Looking ahead over the next two years, three clear trends will define China’s AI globalization wave:

  1. From Pilots to Products
    Chinese AI companies are moving beyond one-off implementations. The focus now centers on developing scalable productized solutions that can be deployed rapidly across multiple countries without extensive customization. You’ll see standardized AI platforms replacing bespoke projects, enabling faster market penetration and reduced deployment costs.
  2. Building Regional Data Ecosystems
    The expansion strategy extends far beyond selling hardware or software. Chinese firms are establishing cross-border data collaborations that create regional data alliances in critical sectors like healthcare and transportation. These alliances allow participating countries to pool data resources while maintaining local control, creating network effects that strengthen China’s position as the central technology provider.
  3. Unified Ecosystem Approach
    Individual company efforts are giving way to integrated ecosystem partnerships among major players like Huawei, Alibaba, and SenseTime. This coordinated approach delivers comprehensive end-to-end solutions—from chips to cloud services to application layers. The strategy mirrors Jensen Huang’s warning about the “then build ecosystem” approach, where early market entry creates dependencies that become difficult to displace.

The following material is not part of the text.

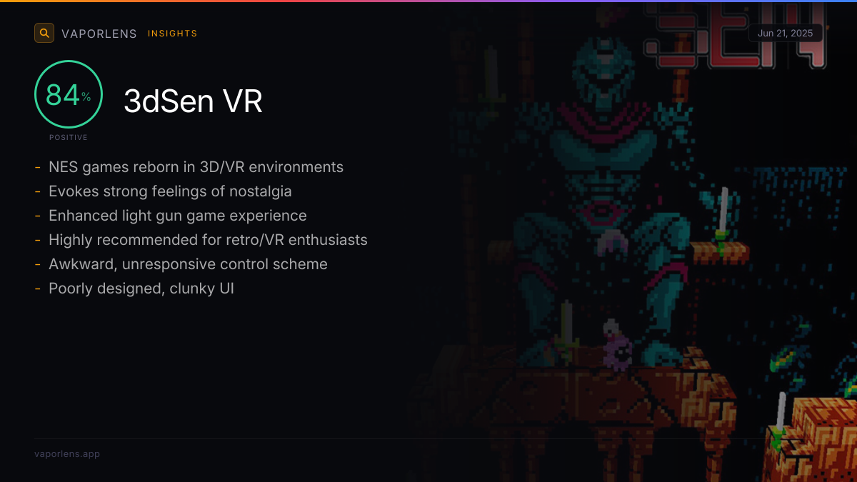 The emulator provides a novel way to experience classic NES games by converting them into 3D and VR environments. This enhances immersion and nostalgia, making the games feel fresh and engaging. Many reviewers highlight the impressive visual transformation and the unique experience of revisiting childhood favorites in a new dimension.

Challenges and Risks in China’s AI Belt and Road Vision

The July World Artificial Intelligence Conference (WAIC) in Shanghai marked a significant milestone with the announcement of a new World Artificial Intelligence Cooperation Organization alongside the publication of a Global Governance Action Plan for AI. In September, the Shanghai AI Research Institute released its inaugural “Belt and Road AI Application Scenarios Report,” signaling China’s intent to formalize its AI expansion strategy. This rising tide brings complex challenges around data sovereignty and technology dependency that require careful navigation to balance commercial gains with shared global benefits.

  1. Data Sovereignty Challenges
    Partner nations along Belt and Road routes face difficult decisions regarding data sovereignty. Accepting Chinese AI infrastructure often means sharing sensitive data with systems that may not align with local privacy standards or regulatory frameworks. Countries must weigh the immediate benefits of affordable AI solutions against long-term concerns about who controls and accesses their citizens’ information.
  2. Technology Dependency Risks
    Technology dependency risks compound these concerns amid escalating geopolitical tensions between the US and China. As nations become increasingly reliant on Chinese AI chips, cloud services, and training platforms—creating vulnerabilities amid escalating political tensions affecting AI market access, the situation is further complicated by China’s semiconductor industry challenges. The US-China technology competition forces partner countries into choosing sides, potentially limiting their access to Western AI innovations while deepening commitments to Chinese ecosystems.
  3. Fragmentation of Global AI Governance
    The new World Artificial Intelligence Cooperation Organization represents China’s attempt to shape global AI governance frameworks, challenging existing Western-led standards and establishing parallel regulatory structures that may fragment the international AI landscape.